UAE-based investors who have UK assets in their portfolio - of which there are many - should now consider "Brexit-proofing" their investments ahead of next month's referendum.
As we move ever closer to the historic vote, and in the case of a "Leave" campaign triumph, investors in the UAE should be looking closely at how they can mitigate the effects of a fall in value of UK assets.
In the run-up to the referendum, we have already been witnessing the uncertainty that has been generated by the high level of campaigning. A large number of organisations within the private sector have been postponing or avoiding investment altogether, in anticipation of the vote.
As such, if Britain leaves the EU, this volatility and unpredictability can be expected to continue. It is almost certain that the sterling, UK equities and government bonds will face additional pressure.
Banks' contingency plans
Indeed, British banks and the Bank of England are busy preparing contingency plans should Britain leave the EU after the June 23 vote.
Recently, the European Central Bank requested large eurozone banks to specify their plans as to how they're preparing for a possible Brexit, and how they would manage the impact on the markets and any necessary modifications to their business models.
The ECB is currently examining the specific exposure these banks have to Britain, and the contingency measures they have in place.
According to an ECB spokesperson, "ECB Banking Supervision is engaging with the relevant banks to ensure they are adequately assessing the risks and are prepared for all possible outcomes."
Take action
There are a number of things UAE-based investors can do to prepare for the potentially substantial effects Brexit will have on UK assets.
Predominantly, by increasing exposure to overseas investments.
Ahead of the referendum, this is an opportune moment to re-evaluate investment portfolios, leaning more towards international stocks, bonds and possibly property.
That said, rebalancing portfolios is a savvy move for investors, irrespective of Brexit.
Investors who favour a varied portfolio are in a far superior position to be able to mitigate risk during times of market turbulence, and at the same time, make the most of the inevitable opportunities that present themselves.
Failure to diversify a portfolio is widely regarded as one of the most common investment pitfalls.

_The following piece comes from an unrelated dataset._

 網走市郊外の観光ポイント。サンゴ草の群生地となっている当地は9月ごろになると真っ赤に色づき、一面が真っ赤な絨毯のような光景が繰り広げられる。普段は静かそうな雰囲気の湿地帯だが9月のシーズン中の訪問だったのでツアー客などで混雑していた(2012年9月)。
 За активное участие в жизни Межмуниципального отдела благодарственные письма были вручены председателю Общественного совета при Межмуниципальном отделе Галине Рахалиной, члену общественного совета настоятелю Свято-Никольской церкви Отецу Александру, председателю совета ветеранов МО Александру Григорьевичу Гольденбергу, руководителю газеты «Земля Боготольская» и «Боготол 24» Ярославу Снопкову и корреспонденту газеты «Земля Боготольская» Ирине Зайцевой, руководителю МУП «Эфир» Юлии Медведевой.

Spreading money around is a vital tool to manage risk. A well-balanced portfolio is achieved by diversifying by geographical region, asset class and industrial sector.

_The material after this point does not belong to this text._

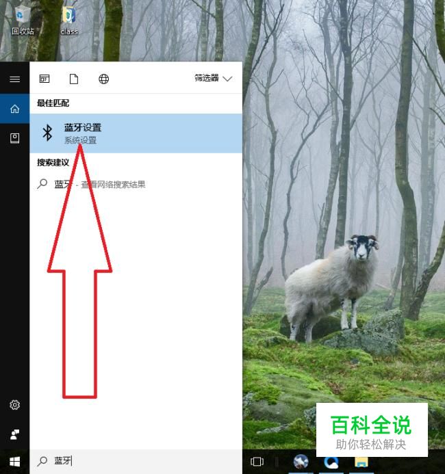 在电脑的搜索框内直接输入蓝牙进入蓝牙设置。这里以win10系统为例。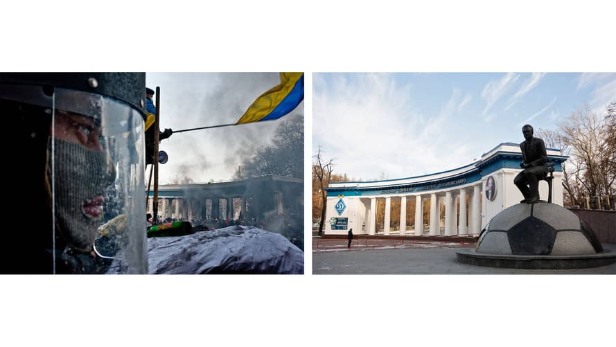ЛІВОРУЧ: Учасник акції протесту в захисному шоломі, вулиця Грушевського, Київ, 25 січня 2014 року. ПРАВОРУЧ: Вхід на стадіон «Динамо» та пам'ятник українському футболісту й тренеру Валерієві Лобановському, Київ, 18 листопада 2018 рокуЄвген Малолєтка/УНІАН; Анастасія Власова/Громадське

It is absolutely untrue that investing globally is riskier. On the contrary, the more diversified the portfolio, the greater the reduction of overall risk.
Furthermore, it is a fallacy that international investing is solely for the more sophisticated investors. There are numerous well-managed retail funds available, offering global stock market exposure, using many different approaches.

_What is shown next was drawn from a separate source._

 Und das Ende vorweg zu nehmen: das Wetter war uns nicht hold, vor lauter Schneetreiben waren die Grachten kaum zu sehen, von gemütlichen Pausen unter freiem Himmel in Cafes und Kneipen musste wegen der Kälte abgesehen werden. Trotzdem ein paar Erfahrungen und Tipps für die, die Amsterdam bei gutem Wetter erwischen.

Importance of financial advice
Individuals are becoming more aware than ever of the tangible benefits of independent financial advice in growing, maximising and safeguarding their wealth.
Indeed, expatriates often require specialist financial advice. Typically, because of their more transient lifestyles and unique tax situations, which have a significant impact on almost every area of their financial affairs.
A financial adviser will, therefore, assist investors in acquiring more opportunities, investment options, and various risk tolerance strategies. This bigger picture gives investors more options and improved paths to better outcomes.
As such, by seeking advice, investors have the benefit of an adviser's experience. They understand the industry and follow best practices. When using their services, investors can take advantage of that information and experience, helping them to become more confident in their investments and in their financial future.
By Nigel Green
The writer is the founder and CEO of deVere Group. Views expressed are his own and do not reflect the newspaper's policy.